Don’t miss these essential pop-up restaurants

Three types of khachapuri displayed on a wooden board
From left, a lamb and labneh khachapuri, an original, and a mushroom and onion khachapuri — stuffed breads inspired by chef Emily Efraimov’s Russian heritage. Efraimov runs the Little Dacha pop-up.
(Dania Maxwell / Los Angeles Times)

Adda the Hangout

For his monthly pop-ups that operate out of Crafted Kitchen in the Arts District, Pranav Sinha keeps the menu to four or five dishes culled from the cuisines of India. Punjabi-style murgh makhana (a.k.a. butter chicken), attuned so that the ginger and spices chime through the creamed tomato gravy, might headline, though so can an equally stellar goat curry — and the rotation always includes vegetarian options.

Brandoni Pepperoni


For his pizzas, Brandon Gray stretches dough to a thinness that yields a crust that’s cracker-y in places and puffed in others. Gray imagines creations such as the Californication: lamb shoulder, chickpeas, thick salsa borracha, Oaxacan cheese and pickled red onion. Pickups are in Mid-City, available 4 to 8 p.m. every day except Wednesday.

Bridgetown Roti

After years on the line at restaurants such as Botanica, the Exchange at the Freehand L.A. and Rustic Canyon, Rashida Holmes is focusing on the flavors of her Bajan heritage with her Arts District-based pop-up. Her specialty is flaky roti, filled with her mom’s recipe for chicken curry, a vegan-friendly tumble of seasonal vegetables or, best of all, soft, ropy hunks of goat meat she buys from Jimenez Family Farms. Note that on Sundays she makes pillowy doubles filled with chana curry and chutneys.

Bungkus Bagus

The demand is real for the bungkus — Balinese-style meals bundled in banana leaves — made by sisters Celene and Tara Carrara. Online orders usually go live on Mondays at 6 p.m.; set an alert or you’ll likely miss out for the week. Rice, cooked in coconut milk and perfumed with lemongrass and pandan leaves, anchors the bungkus, which also includes chicken curry, long beans, egg and tempeh cake.

De Porres


The menus of Danielle Bell and Pablo Osorio, which change weekly and are available for delivery, mingle the specialties of Osorio’s native Peru with desserts and baking that hearkens to Bell’s Kentucky upbringing. A recent May menu summarizes their synergies: seco de pato (duck stewed in Andean corn beer with chickpea pepian), solterito (spring vegetables and fried quinoa with feta and herbs), cheddar-chive biscuits, Parisian gnocchi with mushrooms and asparagus, strawberry-rhubarb cobbler and Bell’s sensational ice creams, in flavors of black walnut and rhubarb.

Dough Daddy

Deciphering the order form from this Jefferson Park-based pop-up can feel like following a scavenger hunt, but the prize is some of the finest Detroit-style pizza (rectangular, properly charred edges, not too doughy despite the name) being made in Los Angeles. Cocktails are also available; I vouch for the punchy Mai Tais.

Golden Rice Co.

Saffron, as golden in color as it is in flavor, saturates Farah Parsa’s variation on the traditional Iranian dish tahchin — cumulus-light from the addition of yogurt and with a dome of tahdig, the crisp layer of rice formed on the bottom of the pot, and surrounded with optional eggplant, chicken or salmon. Complete the meal (available for pickup or limited delivery on Sundays) with mast-o-khiar, hummus, chopped salad and perhaps baklava or homemade orange blossom ice cream for dessert. Persian restaurants tend to be kebab houses; it’s rare to experience food that tastes like Iranian home cooking out in the world. This is your chance.

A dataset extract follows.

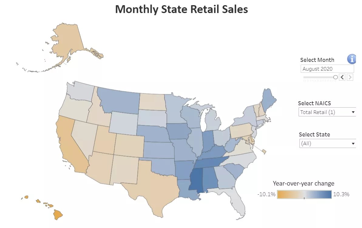 The U.S. Census monthly retail sales graphic for August 2020. Blue states showed sales increases year over year, while those in shades of brown, including Colorado, experienced declines.
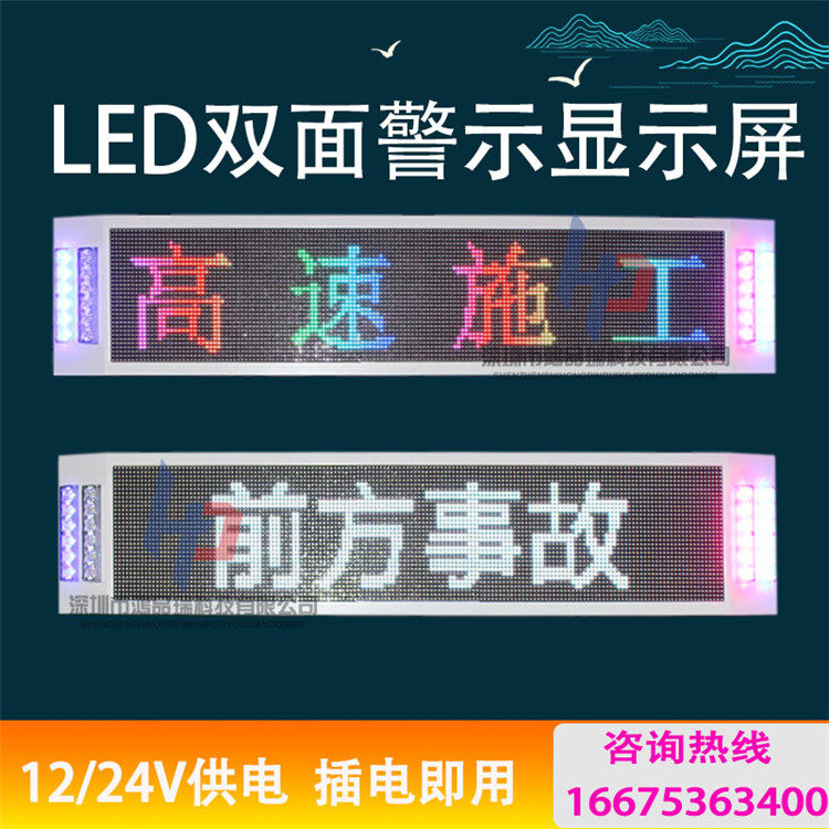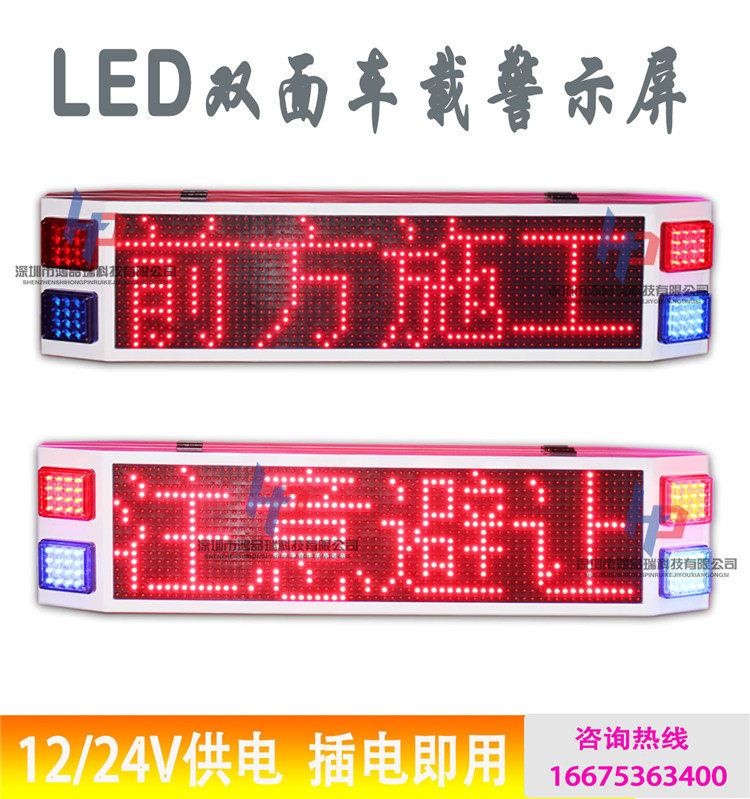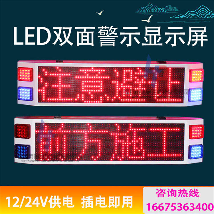 High-speed construction vehicle warning led screen police protection linkage pickup truck LED double-sided roof 12V electronic display

Quarter Sheets/House of Gluten


Aaron Lindell, a Michigan native, labels his rectangular pan pies as “Glendale’s #1 least authentic Detroit style pizza.” Its lightness resembles sfincione, the Sicilian variation on focaccia that Motor City’s pizza tradition is sometimes theorized to have derived from. The Red Top pie brings the baseline goodness; the cheese that is bordering the pie has caramelized into the crust but isn’t cooked to carbon. There are also delicious heresies like Roni’s House Special No. 2, crowned with pineapple, guanciale, jalapeño, red sauce, and provolone and mozzarella.

Instagram-based bakeries are their own separate and important subgenre, but it’s worth mentioning here that Hannah Ziskin, Lindell’s partner, runs her House of Gluten bakery out of their home in Glendale. She is a cake savant, and she makes three-tiered slices of what she calls “slab cake” as the dessert option for Quarter Sheets. Think duets like blood orange and strawberry. Think greatness.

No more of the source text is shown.